Last month, a 30-year-old British woman’s confession that she had spent £9250 (about $13,000) attending 20 weddings and almost as many bachelorette parties over the past four years struck fear into the hearts of wedding-goers everywhere. Georgina Childs’ story captured multiple millennial-related fears: credit card debt, wedding season, and being forced to move back home, which Childs did after giving up her apartment because of the thousands of dollars of credit card debt she had incurred. Since she appeared on a British talk show, she’s been bombarded with media requests to talk about the newest Youth Trend: “wedding-guest debt.” According to Business Insider, while Childs faced “criticism on social media for her choices … for many millennials, her situation is all too relatable.” However, while attending a wedding can set most people back a pretty penny, the concept of going into debt to celebrate a friend’s nuptials might be as overhyped as most of the other “trends” attributed to millennials.
To wit: A recent Refinery29 article on how much millennial women are spending and saving on weddings dispels the easy fiscally irresponsible youth angle that defined most of the coverage of Childs’ story. The piece did confirm one well-known fact: Attending weddings can be quite expensive. Of the ten women interviewed, eight of them anticipated spending at least $1,500 on wedding-related expenses over one year, including travel, gifts, and “miscellaneous stuff like accessories and Ubers.” But of the ten, only four were willing to expense their wedding damages to a credit card. And half of them had paid off the balance within three months of the initial expense.
The Refinery29 interviews paint a picture of a much more financially responsible generation than did the spate of wedding-guest debt articles that emerged in the wake of Childs’ story.
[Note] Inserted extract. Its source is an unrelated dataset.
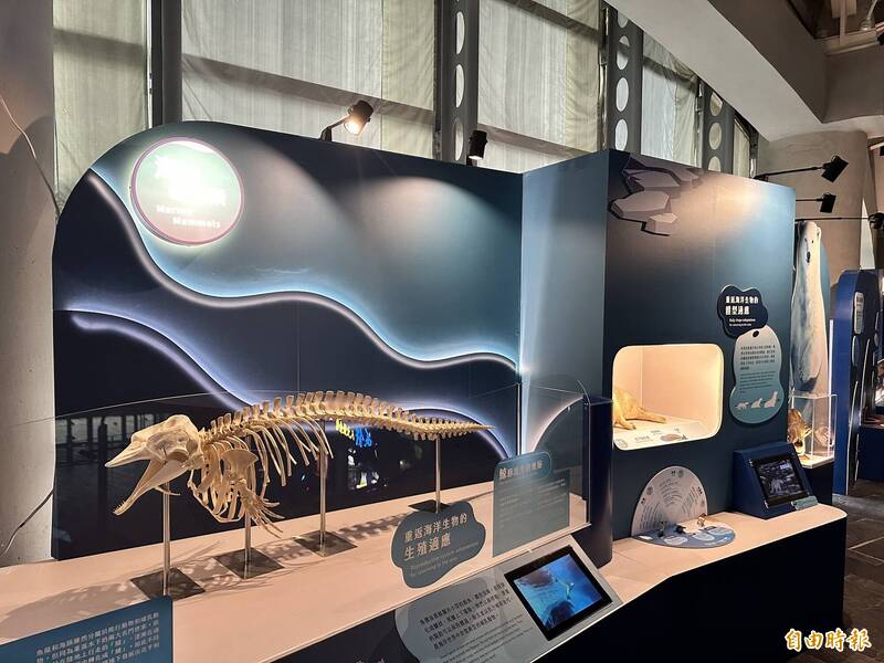 特展内容丰富,深入浅出地介绍这群「重返海洋族群」(记者蔡宗宪摄)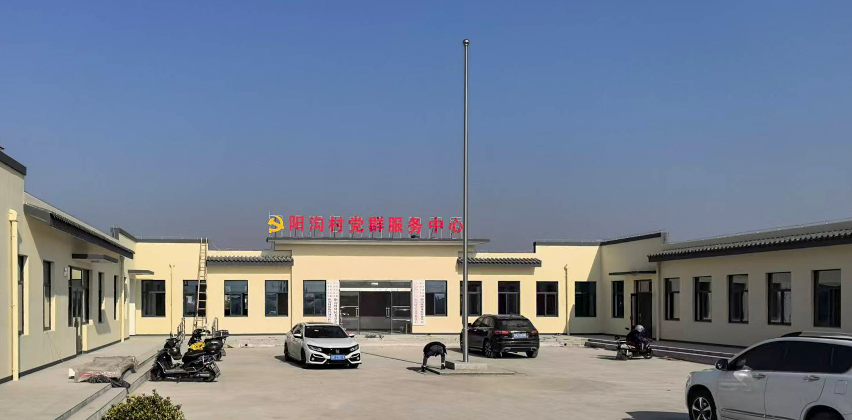 沿着阳沟村六号河路,记者来到新落成的党群服务中心,施工人员正在进行扫尾施工。“新的党群服务中心投用后,村民可以来这里就医、办事、休闲娱乐等,我们提供‘一站式’服务。”村党支部书记徐志军介绍。

As one woman said, “I love the people in my life, but their wedding days are not worth going into debt for!” The overwhelming consensus of the women interviewed suggests that millennials are willing to spend big on important moments: “The bridal shower is what I’m willing to spend the most on—it’s for my best friend and she deserves a great party.” But what they’re not willing to do is jeopardize their financial future over it. In other words, the interviews present a generation of adults that both value friendship and lack of indebtedness.
Of course, it makes sense that a generation largely defined by exorbitant student loan debt would not willingly go into more debt over the fear of missing out on a destination wedding. But given the media’s love of lampooning the financial decisions of 20- to 30-year-olds, Childs’ story proved too attractive, even if it spoke to a trend of only one. There’s evidence to suggest that millennials are one of the most financially conservative generations to emerge since the Great Depression, but that data conflicts with the more titillating social consensus that millennials are too busy instagramming with their friends to balance a checkbook. What if … they can do both?